#### Information provided:
======

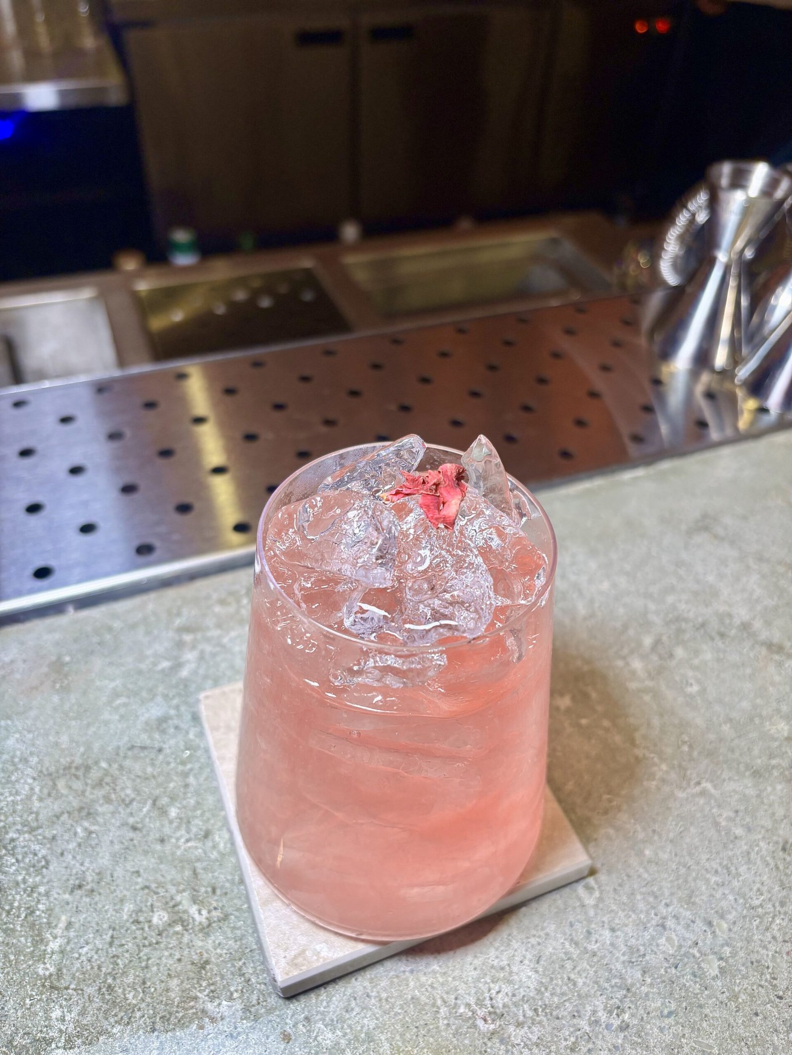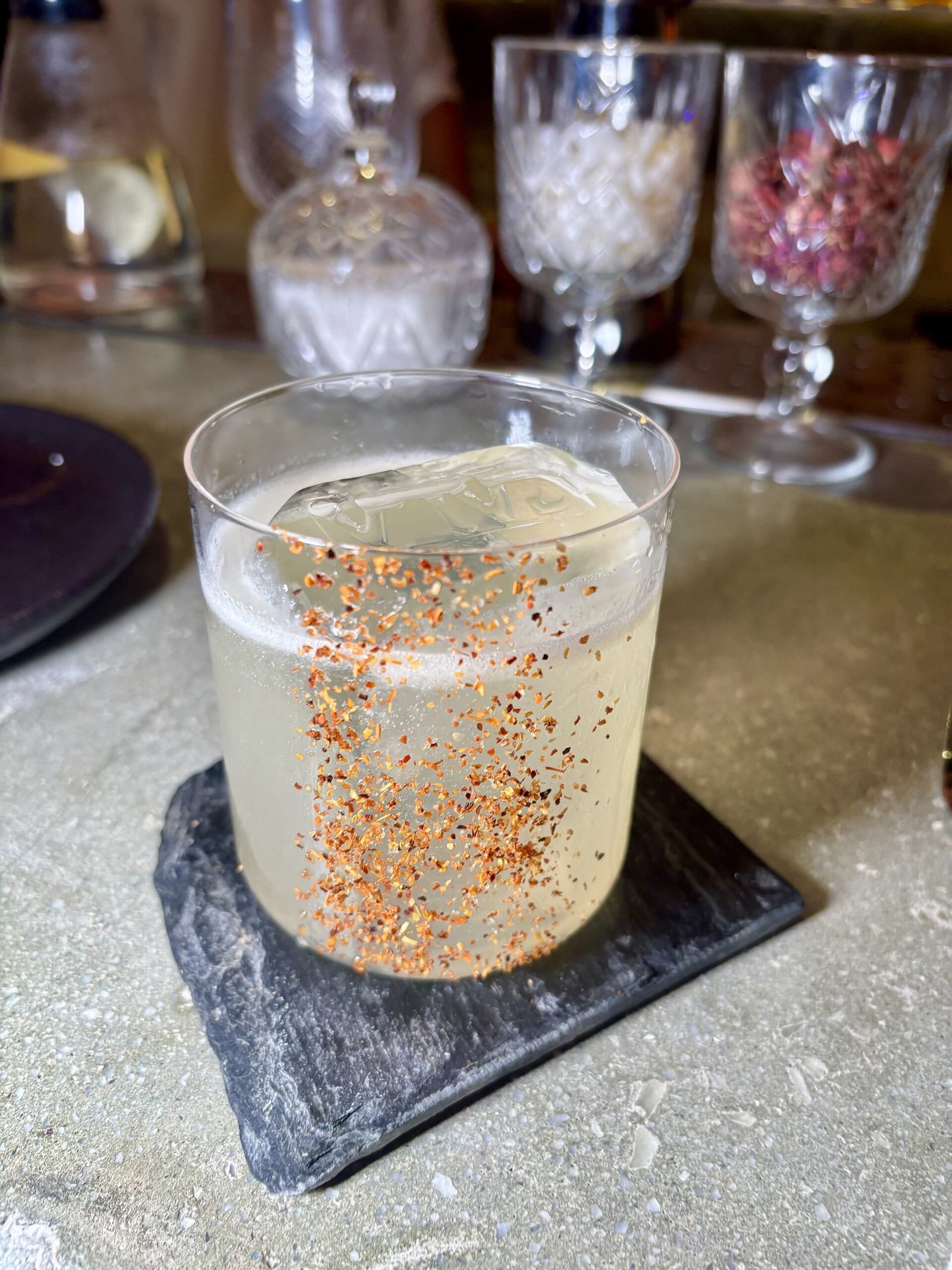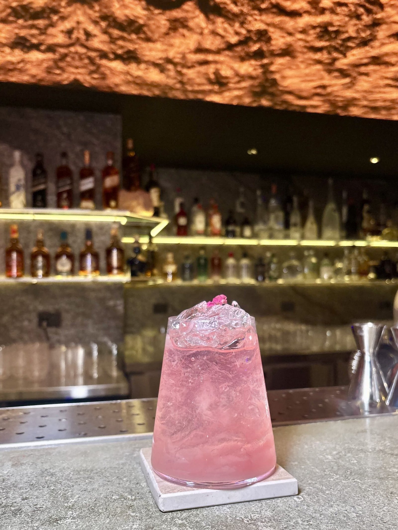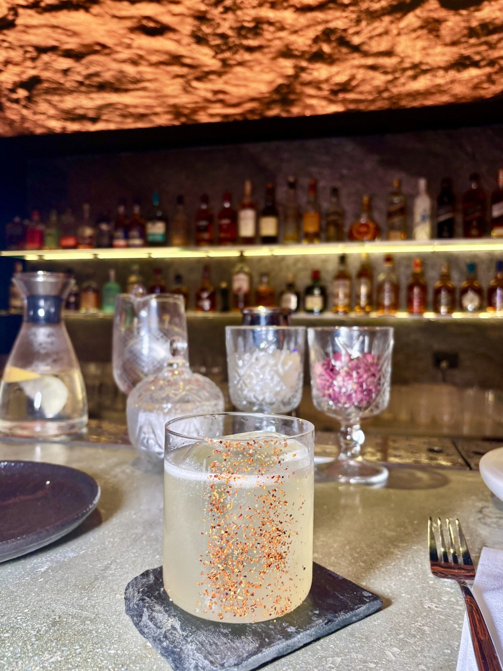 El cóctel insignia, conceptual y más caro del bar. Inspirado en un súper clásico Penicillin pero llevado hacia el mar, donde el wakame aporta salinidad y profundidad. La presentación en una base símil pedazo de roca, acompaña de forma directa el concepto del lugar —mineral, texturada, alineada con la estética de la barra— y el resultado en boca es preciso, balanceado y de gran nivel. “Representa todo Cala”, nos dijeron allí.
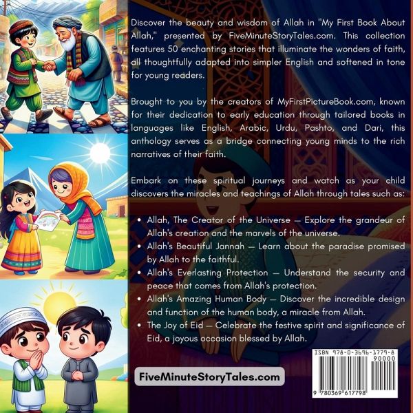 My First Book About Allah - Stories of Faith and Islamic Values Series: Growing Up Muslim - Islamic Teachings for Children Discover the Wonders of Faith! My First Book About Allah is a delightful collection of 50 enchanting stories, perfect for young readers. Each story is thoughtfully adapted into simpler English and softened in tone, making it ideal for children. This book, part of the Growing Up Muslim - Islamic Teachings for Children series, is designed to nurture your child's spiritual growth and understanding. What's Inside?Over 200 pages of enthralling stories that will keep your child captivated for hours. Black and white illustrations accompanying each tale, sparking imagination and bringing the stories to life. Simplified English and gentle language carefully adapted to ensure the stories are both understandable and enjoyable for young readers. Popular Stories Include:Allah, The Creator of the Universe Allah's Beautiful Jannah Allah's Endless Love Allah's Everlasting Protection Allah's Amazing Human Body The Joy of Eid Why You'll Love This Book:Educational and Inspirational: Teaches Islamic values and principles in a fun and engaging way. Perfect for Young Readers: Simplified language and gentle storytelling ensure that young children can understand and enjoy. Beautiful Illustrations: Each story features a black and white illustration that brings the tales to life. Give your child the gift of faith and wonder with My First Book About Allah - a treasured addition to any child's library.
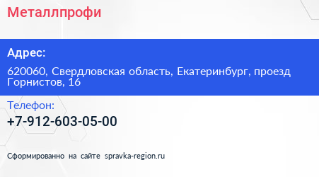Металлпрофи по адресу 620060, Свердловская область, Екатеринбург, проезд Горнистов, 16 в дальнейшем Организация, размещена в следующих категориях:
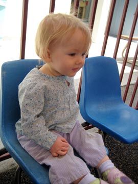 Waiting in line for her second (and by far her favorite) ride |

======

#### Task item:
Please output each line above exactly and omit all images.

#### Reply:
 El cóctel insignia, conceptual y más caro del bar. Inspirado en un súper clásico Penicillin pero llevado hacia el mar, donde el wakame aporta salinidad y profundidad. La presentación en una base símil pedazo de roca, acompaña de forma directa el concepto del lugar —mineral, texturada, alineada con la estética de la barra— y el resultado en boca es preciso, balanceado y de gran nivel. “Representa todo Cala”, nos dijeron allí.
 My First Book About Allah - Stories of Faith and Islamic Values Series: Growing Up Muslim - Islamic Teachings for Children Discover the Wonders of Faith! My First Book About Allah is a delightful collection of 50 enchanting stories, perfect for young readers. Each story is thoughtfully adapted into simpler English and softened in tone, making it ideal for children. This book, part of the Growing Up Muslim - Islamic Teachings for Children series, is designed to nurture your child's spiritual growth and understanding. What's Inside?Over 200 pages of enthralling stories that will keep your child captivated for hours. Black and white illustrations accompanying each tale, sparking imagination and bringing the stories to life. Simplified English and gentle language carefully adapted to ensure the stories are both understandable and enjoyable for young readers. Popular Stories Include:Allah, The Creator of the Universe Allah's Beautiful Jannah Allah's Endless Love Allah's Everlasting Protection Allah's Amazing Human Body The Joy of Eid Why You'll Love This Book:Educational and Inspirational: Teaches Islamic values and principles in a fun and engaging way. Perfect for Young Readers: Simplified language and gentle storytelling ensure that young children can understand and enjoy. Beautiful Illustrations: Each story features a black and white illustration that brings the tales to life. Give your child the gift of faith and wonder with My First Book About Allah - a treasured addition to any child's library.
Металлпрофи по адресу 620060, Свердловская область, Екатеринбург, проезд Горнистов, 16 в дальнейшем Организация, размещена в следующих категориях:
 Waiting in line for her second (and by far her favorite) ride |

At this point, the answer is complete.